Scientists have transformed the cerebral signals captured by this grid of electrodes designed to record brain activity in synthesized sentences. The technique may one day help people who do not speak to communicate.

Chang Laboratory / Department of Neurosurgery UCSF

Then the researchers translated the virtual movements of the participants' artificial vocal tracks into sounds. The use of this virtual tool "optimized the speech and made the sound more natural," says Mr. Chartier. About 70% of these reconstructed words were comprehensible to listeners who were asked to choose the words they had heard from a list of possibilities. For example, when the synthesized voice said, "Ask a calico cat to keep the rodents at bay," a listener heard: "The calico cat intended to keep the rabbits away." Others, like "buh" and "puh", seemed mushier.

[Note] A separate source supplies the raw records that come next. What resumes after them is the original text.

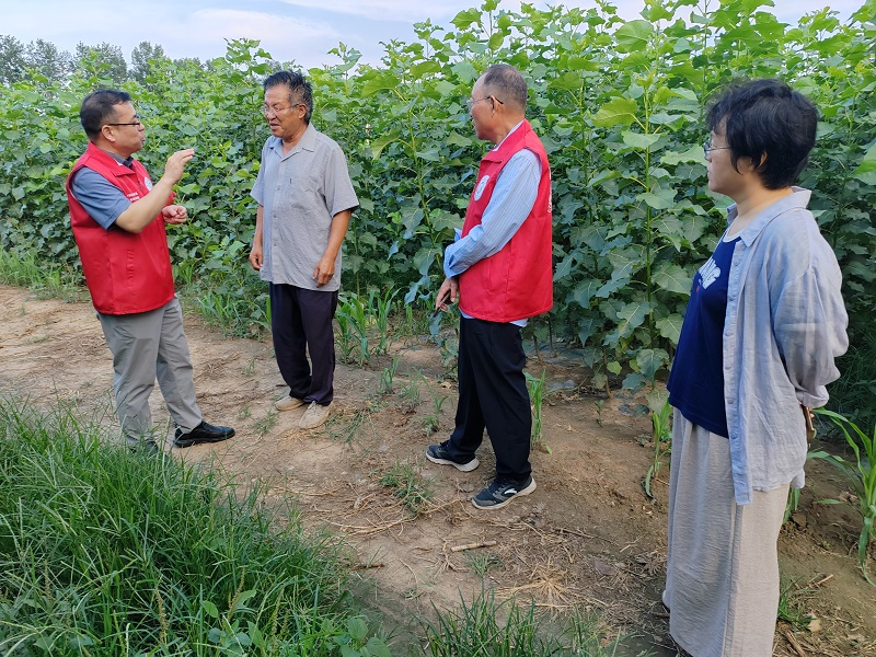 为深入贯彻落实“百名专家助百村(企)”工程(“双百”工程)精神,充分发挥科技特派员在乡村振兴中的科技支撑作用,7月9日,bat365正版唯一官网园林教研室省科技特派员李维强、宗建伟、杨雨华三位专家,不畏酷暑,深入焦作市修武县晓旺种植家庭农场,开展科技帮扶与产业指导工作。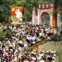 走在前往雄王庙的路上,两旁是一行行参天古木,山道的美景让游客忘却了疲劳。凉风阵阵吹袭,耳边鸟语啾啾,时不时有寺庙的钟声传来,让人心境平和。到雄王庙祭祖意味着越南全国同胞共同祭祀同一个祖先,这是世界上罕见的。年初赶雄王庙会已经成为越南人虔灵文化中的一项美好风俗。雄王庙旅游服务中心主任裴氏全表示,庙会将提供良好服务,让游客高兴而来,满意而归。她说:“平时,中心可以向游客提供交通、导游、餐饮、购物和住宿等服务。我们对各条雄王庙旅游线路都做了接待安排,比如:参加安沛-老街三天游的游客可以在返程途中来这里赶庙会。”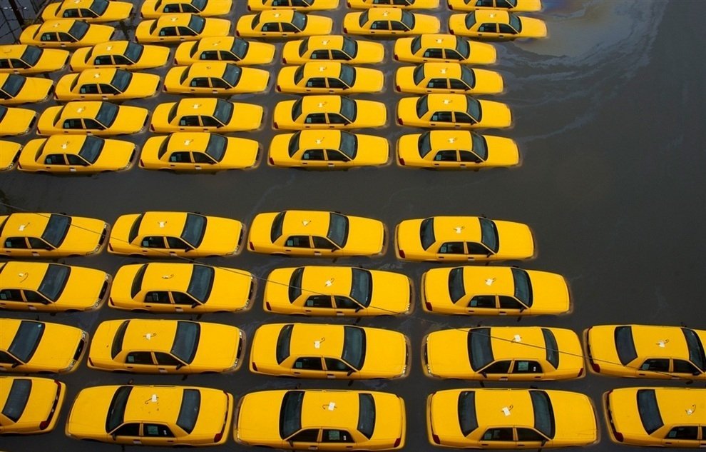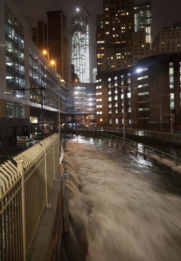 Машини плавають біля затопленого в’їзду на стоянку Фінансового кварталу, Манхеттен, Нью-Йорк, США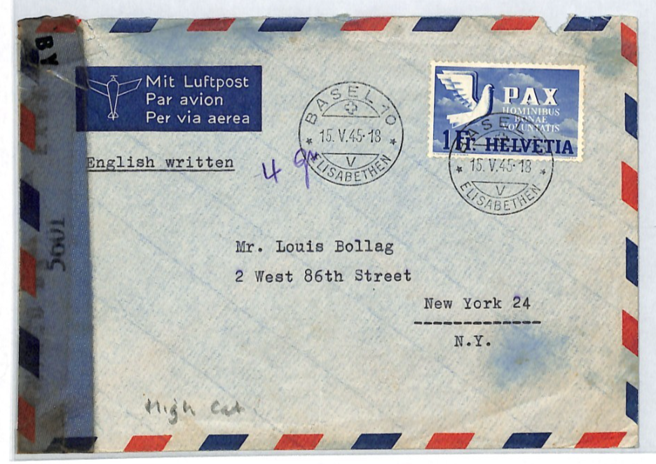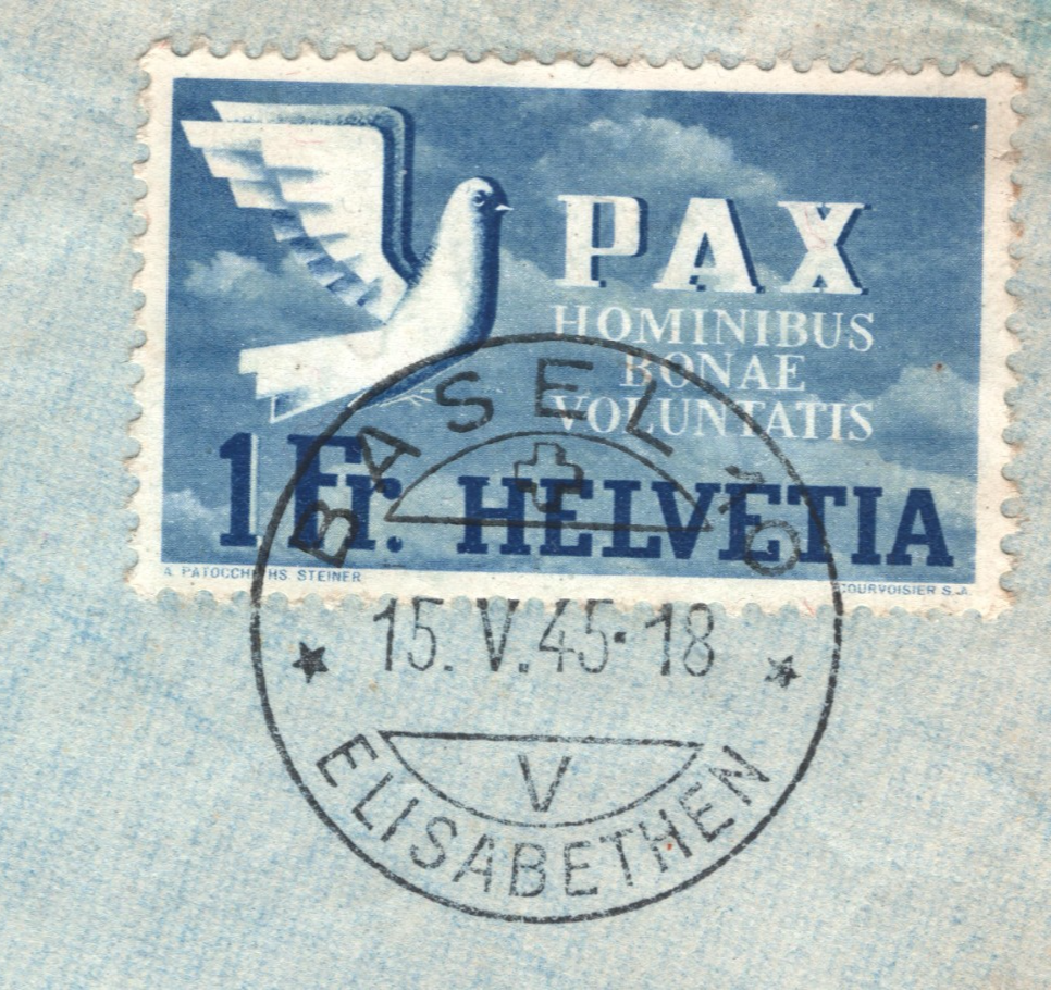 SWITZERLAND WW2 Censor Cover 1Fr *PAX* PEACE HIGH VALUE Basel 1945 Air USA XT233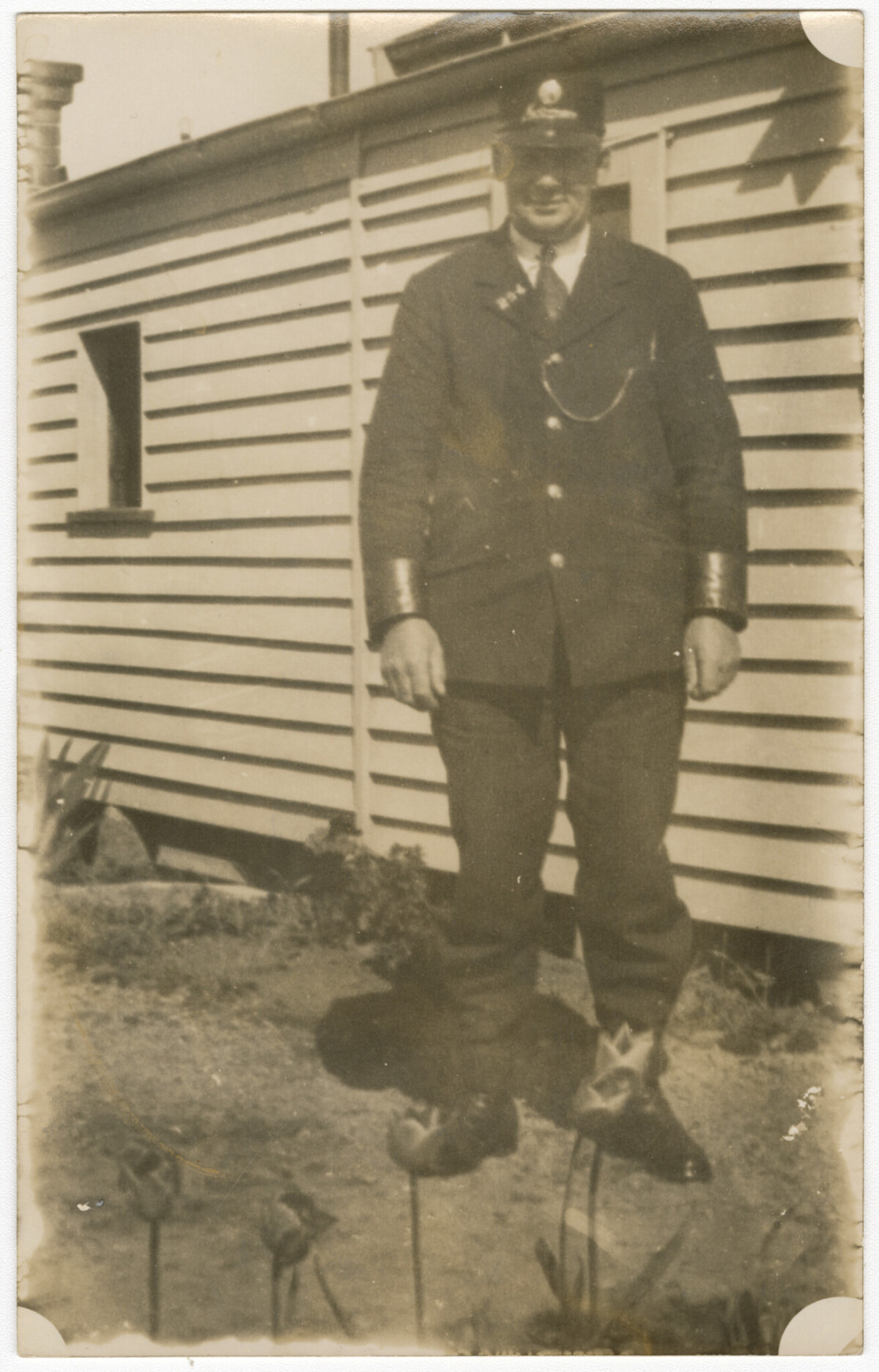 "Bertie Sutton in his tram drivers uniform. Taken at 11 Butler Street Opawa (now 21)." - Contributor's note

For the technique to work, it was necessary to know how a person moves his vocal apparatus. But these movements do not exist in many people unable to speak, such as those who have suffered a stroke, vocal tract damage or Lou Gehrig's disease.

"By far the biggest hurdle is how to build a decoder while you have no examples of speech." Says Marc Slutzky, neurologist and neural engineer at the Feinberg School of Northwestern University Medicine in Chicago.

In some tests, the researchers found that the algorithms used in the second stage of the process – translating the movements of the virtual vocal tract into sounds – were sufficiently similar from one person to another to be reused by different people, even even by those who can. do not talk.

But so far, the first stage of the process – the mapping of brain activity with the movements of a person's vocal tract – seems to be more idiosyncratic. According to scientists, finding a way to connect these personalized cerebral signals to the desired movements of their vocal tract will be a challenge for those who are unable to move.